Most movies related to mathematics irritate me because of simplifications. I especially do not like when a movie pretends to be intelligent and then dumbs it down. I recently watched the Spanish movie Fermat’s Room, which, as you may guess, annoyed me several times. In spite of that I enjoyed it very much.

The movie opens with people receiving invitations to attend a meeting for geniuses. To qualify for the meeting they need to solve a puzzle. Within ten days, they must guess the order underlying the following sequence: 5, 4, 2, 9, 8, 6, 7, 3, 1. Right away, at the start of the movie, I was already annoyed because of the simplicity of the question. You do not have to be a genius to figure out the order, not to mention how easy it would be to plug this sequence into the Online Encyclopedia of Integer Sequences to find the order in five minutes.

The participants were asked to hide their real names, which felt very strange to me. All famous puzzle solvers compete in puzzle championships and mystery hunts and consequently know each other.

The meeting presumably targets the brightest minds and promises to provide “the greatest enigma.” During the meeting they are given seven puzzles to solve. All of them are from children’s books and the so-called “greatest enigma” could easily be solved by kids. Though I have to admit that these were among the cutest puzzles I know. For example:

There are three boxes: one with mint sweets, the second with aniseed sweets, and the last with a mixture of the two. The boxes are labeled, but all the labels are wrong. What is the minimum number of sweets you need to taste to correctly re-label all the boxes?

Another of the film’s puzzles includes a light bulb in a room and three switches outside, where you have to correctly find the switch that corresponds to the bulb, but you can only enter the room once. In another puzzle you need to get out of prison by deciding which of two doors leads to freedom. You are allowed to ask exactly one question to one of the two guards, one of whom is a truth-teller and the other is a liar.

The other four puzzles are similar to these three I have just described. To mathematicians they are not the greatest enigmas. They are nice material for a children’s math club. For non-mathematicians, they may be fascinating. Certainly it’s a good thing that such tasteful puzzles are being promoted to a large audience. But they just look ridiculous as “the greatest enigmas.”

So what is it about this film that I so enjoyed?

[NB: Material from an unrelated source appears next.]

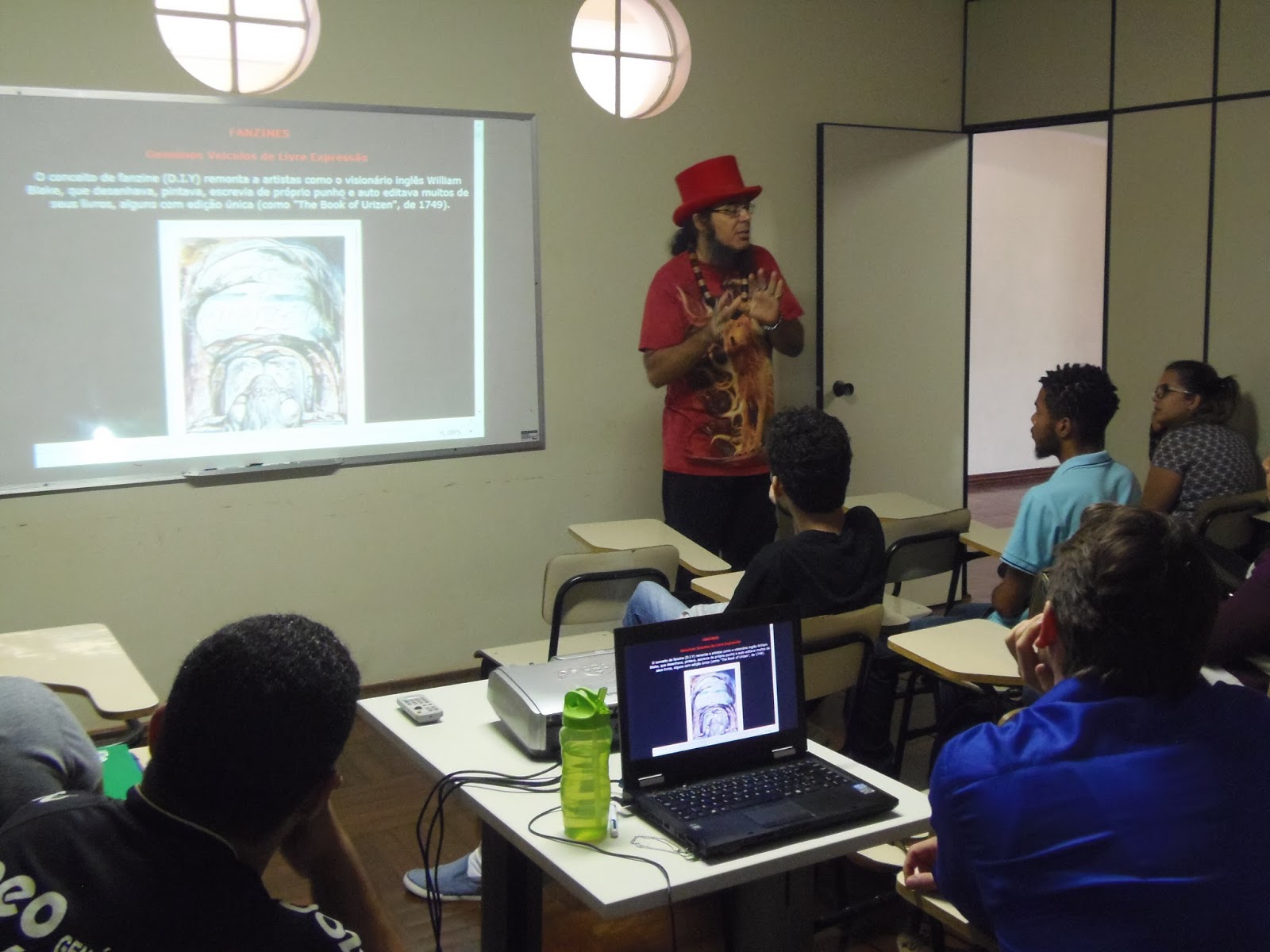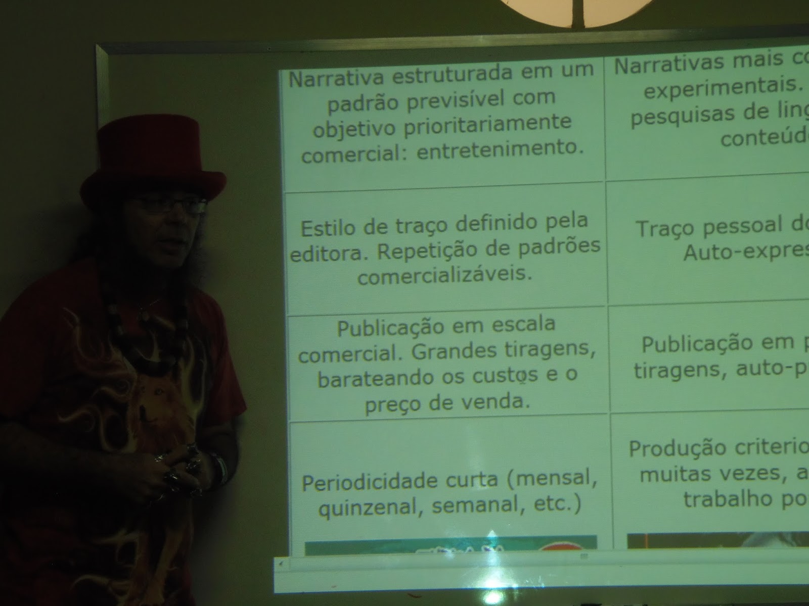 Entre os 31 alunos que estiveram presentes ao curso, estavam personalidades da cultura e do ensino em Anápolis como o Prof. Dr. Solemar Oliveira, a Profa. Dra. Débora Santos, o Msc. Tobias Goulão, a Msc. Pepita Afiune, a Msc. Lígia Carvalho, assim como grandes nomes da HQ anapolina como José Loures, Cláudio Dutra e Geraldo Monteiro, e jovens artistas emergentes como Marcus Vinicius Sartin, Luiz Antonio Martins Costa, entre outras feras. Foi uma honra e uma alegria para o Ciberpajé estar entre alunos tão incríveis e ele agradece a presença de todos os 31 alunos, o convite do Prof. Dr. Ademir Luiz e a acolhida carinhosa das funcionárias do Centro UEG Cultural - Anápolis. Seguem algumas fotos do curso gentilmente feitas por José Loures e Ademir Luiz.

The intensity of the movie comes from the fact that the people are trapped in a room that starts shrinking when they take more than one minute to solve a puzzle.

I well remember another shrinking room from Star Wars: A New Hope. When Princess Leia leads her rescuers to a room, it turns out to be a garbage compactor. The bad guys activate the compactor and two opposite walls start moving in. In contrast, Fermat’s room is shrinking in a much more sophisticated way: all four walls are closing in. Each of the walls in the rectangular room is being pressured by an industrial-strength press. The walls in the corners do not crumble, but rather one wall glides along another. I was more puzzled by this shrinking room than I was by the math puzzles. I recommend that you try to figure out how this can be done before seeing the movie or its poster.

However, the best puzzle in the movie is the plot itself. Though I knew all the individual puzzles, what happened in between grabbed me and I couldn’t wait to see what would happen next. I saw the movie twice. After the first time, I decided to write this review, so I needed to check it again. I enjoyed it the second time even better than the first time. The second time, I saw how nicely the plot twists were built.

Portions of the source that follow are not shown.